Records from a data collection ▸
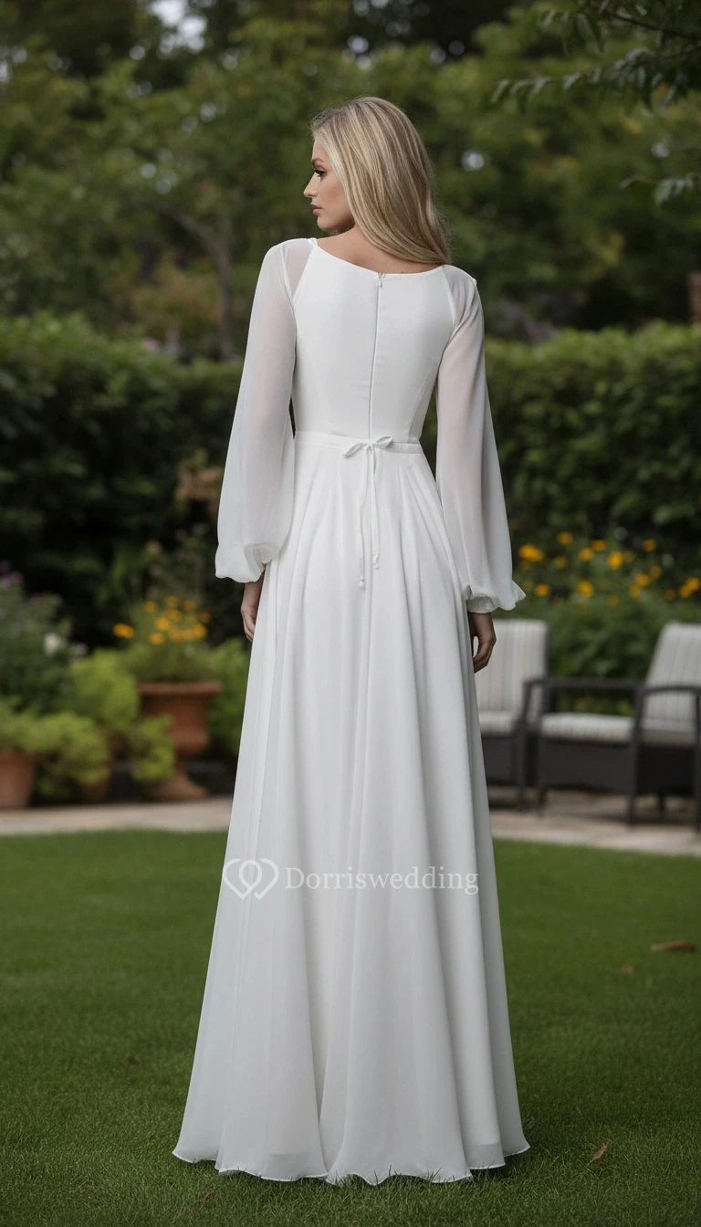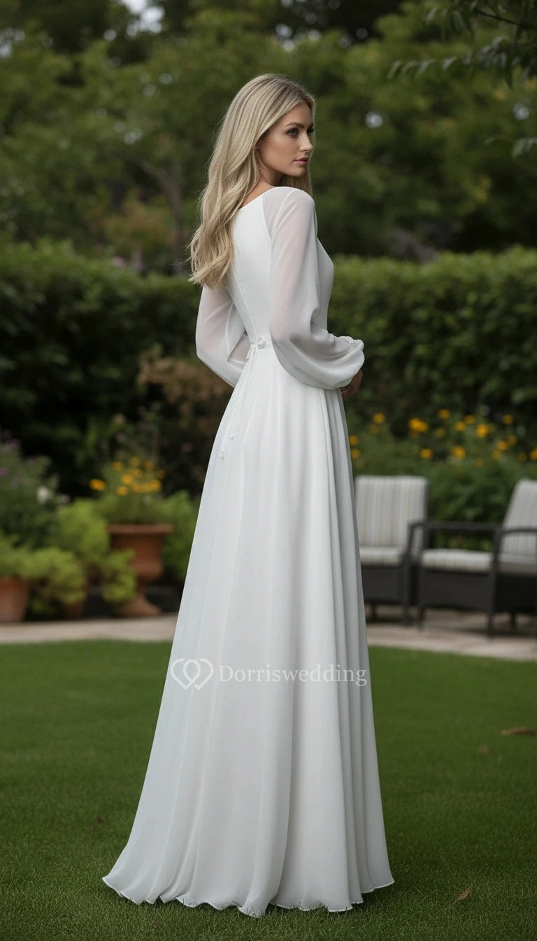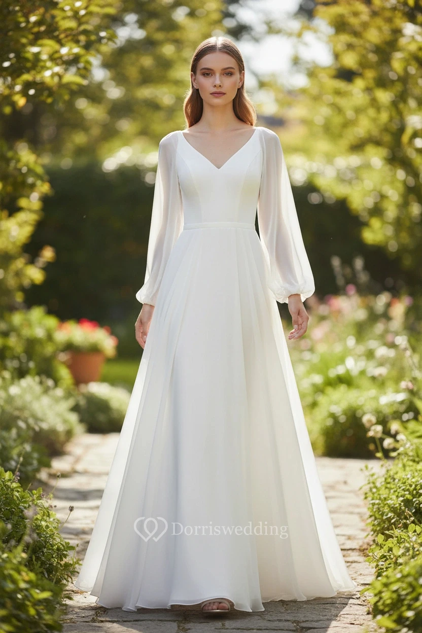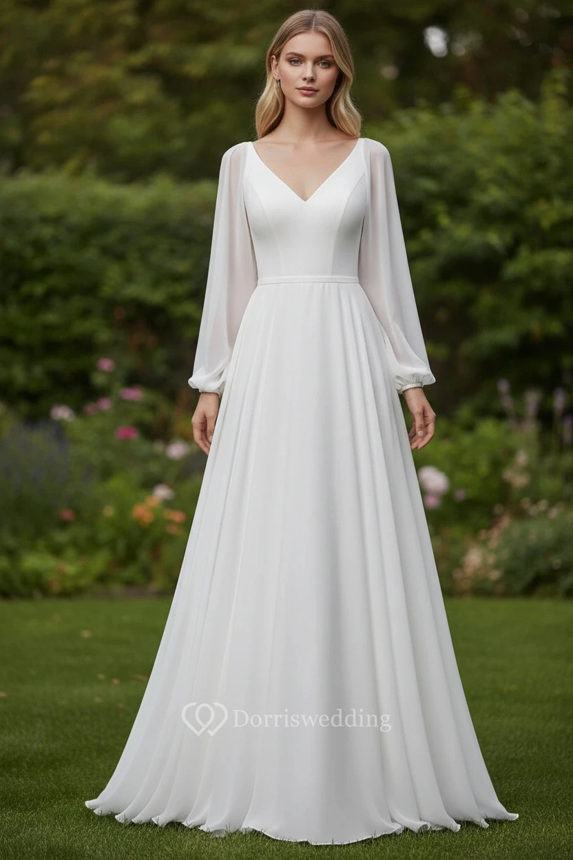 Long Sleeve V-Neck Chiffon A-line Simple Wedding Dress
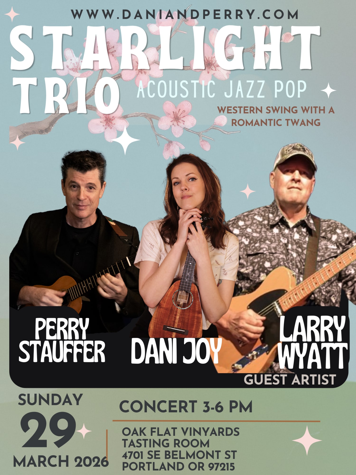 Oakflat Wine Tasting Description w/ Larry Wyatt The Starlight Trio brings Western Swing and vintage jazz from the 1920s–1960s with a romantic twang. Dani’s velvety vocals and bass grooves, Perry’s thrilling jazz ukulele and bass lines, and Larry Wyatt’s witty guitar originals transport you from a Paris café to a barnyard dance. Oakflat Wine Tasting Room is so Portland.
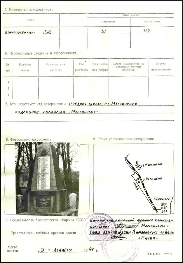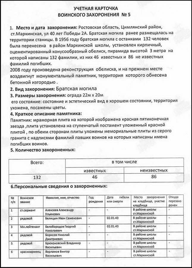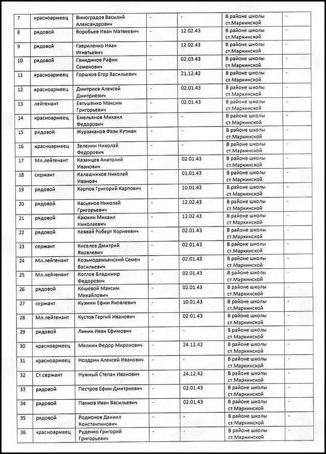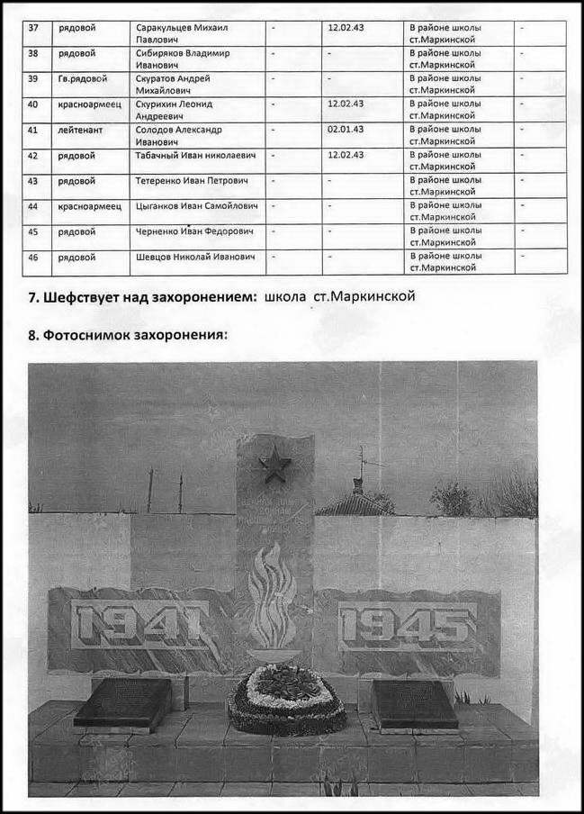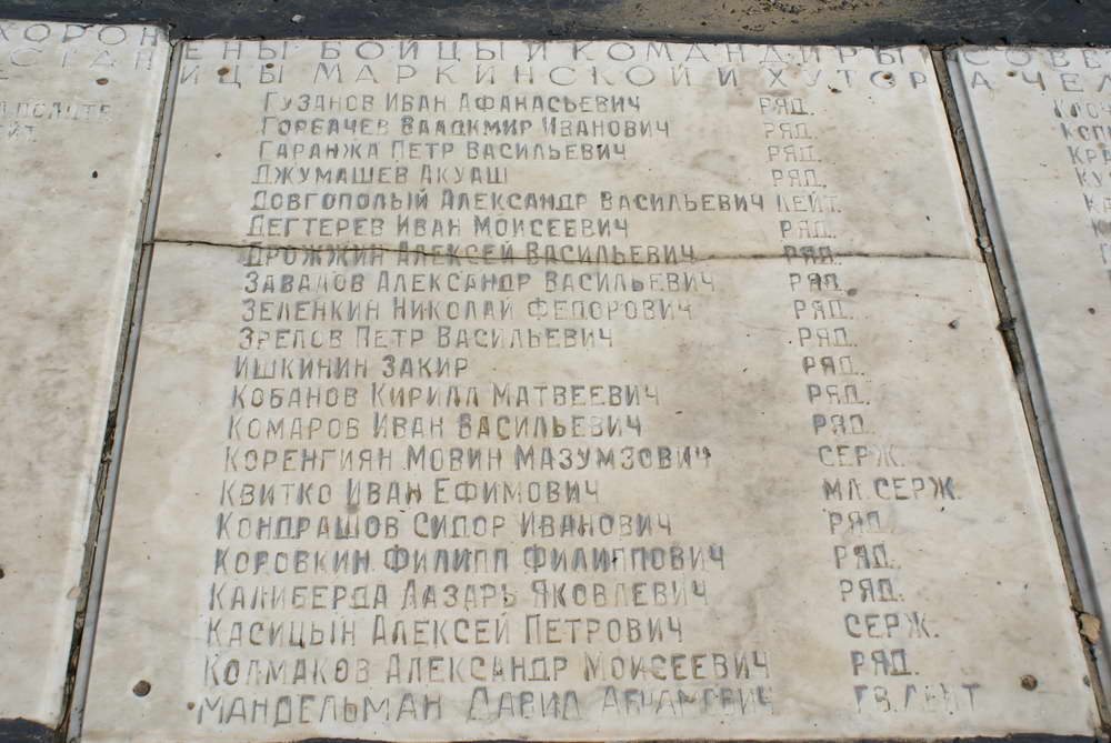 Вот эти плиты были на братской могиле станицы Калининской, фото 6.09.2008 года. На этих плитах хорошо видны слова — станицы Маркинской…?
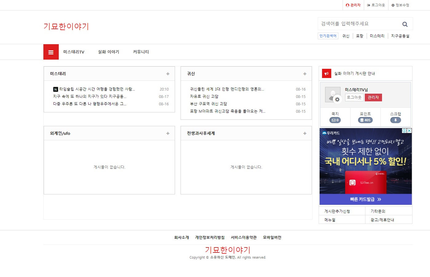 공포,귀신,미스테리,외계인 ufo등을 다루는 커뮤니티 입니다
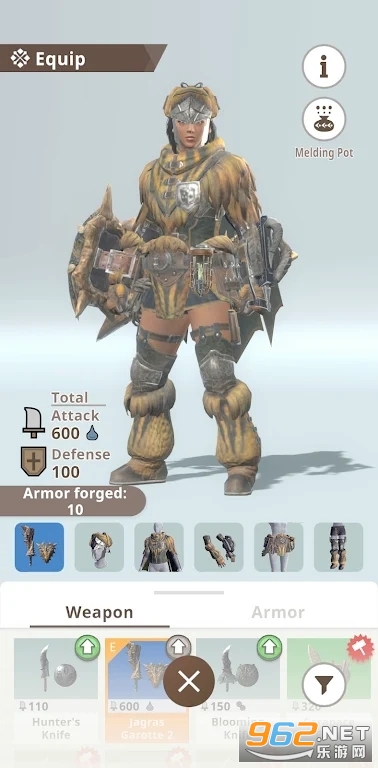 武器和盔甲:拥有从剑和盾到锤子和弓箭的各种武器类型,您需要收集材料,锻造和升级武器和盔甲以击败特定的怪物。当您击倒怪物时,您将收到可用于制造更强大武器和盔甲的材料,以便猎捕更危险的怪物。收集铁矿石和怪物骨头等资源,打造强大的盔甲,抵御更强大的怪物攻击。

Description of the task ▸ Please write out all of the data verbatim, with no pictures in the copy.

Reply to the exercise ▸
 Long Sleeve V-Neck Chiffon A-line Simple Wedding Dress
 Oakflat Wine Tasting Description w/ Larry Wyatt The Starlight Trio brings Western Swing and vintage jazz from the 1920s–1960s with a romantic twang. Dani’s velvety vocals and bass grooves, Perry’s thrilling jazz ukulele and bass lines, and Larry Wyatt’s witty guitar originals transport you from a Paris café to a barnyard dance. Oakflat Wine Tasting Room is so Portland.
 Вот эти плиты были на братской могиле станицы Калининской, фото 6.09.2008 года. На этих плитах хорошо видны слова — станицы Маркинской…?
 공포,귀신,미스테리,외계인 ufo등을 다루는 커뮤니티 입니다
 武器和盔甲:拥有从剑和盾到锤子和弓箭的各种武器类型,您需要收集材料,锻造和升级武器和盔甲以击败特定的怪物。当您击倒怪物时,您将收到可用于制造更强大武器和盔甲的材料,以便猎捕更危险的怪物。收集铁矿石和怪物骨头等资源,打造强大的盔甲,抵御更强大的怪物攻击。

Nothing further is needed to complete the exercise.